Opposition dure à l'idée d'un traité sur le commerce des armes par des pays sceptiques comme l'Egypte, la Syrie, l'Algérie, l'Iran, Cuba et la Corée du Nord, qui rejettent les principes fondamentaux des droits humains et du droit international.
-* Le P5, c'est à dire les pays membres permanents du Conseil de Sécurité et par ailleurs principaux exportateurs d'armes (Chine, Etats-Unis, France, Royaume-Uni, Russie) a fait plusieurs déclarations communes, qui portent cependant plus sur des aspects de procédure que sur des questions de fond. Lorsqu'ils ont agi individuellement, les membres du P5 ont montré autant de différence que de points d'accord.
-** Les Etats-Unis ont durci leur position contre l'inclusion des munitions dans le traité et défendu des dispositions plus faibles sur la questions de critères – voulant ainsi affaiblir le critère de respect des droits de l'Homme. Ils disposent du soutien de pays importants, tels que l'Inde.
-** Le Royaume-Uni a fait des déclarations fortes en faveur de critères rigoureux afin de prévenir tous les transferts d'armes qui violeraient les droits de l'Homme, le droit humanitaire international, mettrait en péril le développement socio-économique, ou faciliterait la corruption.
-** La Chine s'est prononcée en faveur d'une liste réduite d'armes concernées par le traité, et considère qu'il n'y a pas lieu d'inclure des mesures anti-corruption dans le traité. La délégation chinoise veut exclure les dons du champ du traité et veut que le traité se concentre sur le commerce illicite. Ils restent sceptiques sur le besoin de disposition mentionnant les droits de l'Homme et le droit international humanitaire.
-** La France s'est prononcée en faveur d'un traité largement exhaustif en ce qui concerne les types d'armes et de transferts à contrôler. Elle pousse également pour que tout transfert soit interdit dès lors qu'il présente un risque substantiel de contribuer à des graves violations des droits de l'Homme ou du droit international humanitaire, et insiste pour que des clés, comme l'impact sur le développement ou les risques de corruption soient pris en compte au moment d'autoriser ou non une exportation. Elle reste encore cependant très évasive sur le degré de transparence attendu des Etats, et sur le détail des rapports publics que chaque Etat partie devrait produire tous les ans sur ses transferts d'armes.
– Le groupe des pays progressistes qui soutiennent un traité global et robuste inclut : l'Allemagne, l'Australie, le CARICOM, le Japon, le Mexique, la Norvège, la Nouvelle-Zélande et la Suède.
Le groupe africain voit sa liberté d'action limitée par l'Egypte, qui bloque ses déclarations progressistes, mais il existe un fort soutien de la part de l'Afrique subsaharienne – notamment de la CEDEAO, de l'Afrique centrale et de l'Afrique orientale.
L'Italie s'est démarquée de ses partenaires européens en demandant spécifiquement que les armes légères « non-militaires », utilisées pour des fins de sport ou de chasse, soient exclues du traité. L'Union européenne, toute l'Afrique subsaharienne, le CARICOM, le Mexique et d'autres délégations considèrent quel es pays ne pourront jamais s'entendre sur ce qui distingue les armes légères militaires des armes non-militaires, et que les pays devront assumer la responsabilité de tous les types d'armes légères, qu'elles soient des fusils d'assaut ou des pistolets. Le traité sur le commerce des armes n'empêcherait pas la chasse et les activités de tir sportif – grâce aux systèmes de permis d'armes – mais mettrait un coup d'arrêt aux transferts d'armes de ce type aux criminels de guerre.
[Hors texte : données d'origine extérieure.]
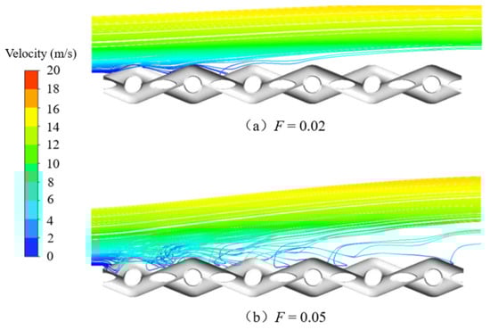Streamline distribution of the upstream area of the main stream along the wire mesh under different blowing ratios.

Inquiétude de Control Arms concernant les documents de travail du traité

Du fait des manœuvres dilatoires exercées par le groupe des pays sceptiques, les délégations doivent encore finaliser leurs commentaires sur tous les éléments clés du traité. Lorsque cette procédure aura pris fin, le président de la conférence pourra incorporer tous les commentaires portant sur chaque élément clé dans un projet de texte de traité. Ce projet constituera la base des négociations pour le traité final.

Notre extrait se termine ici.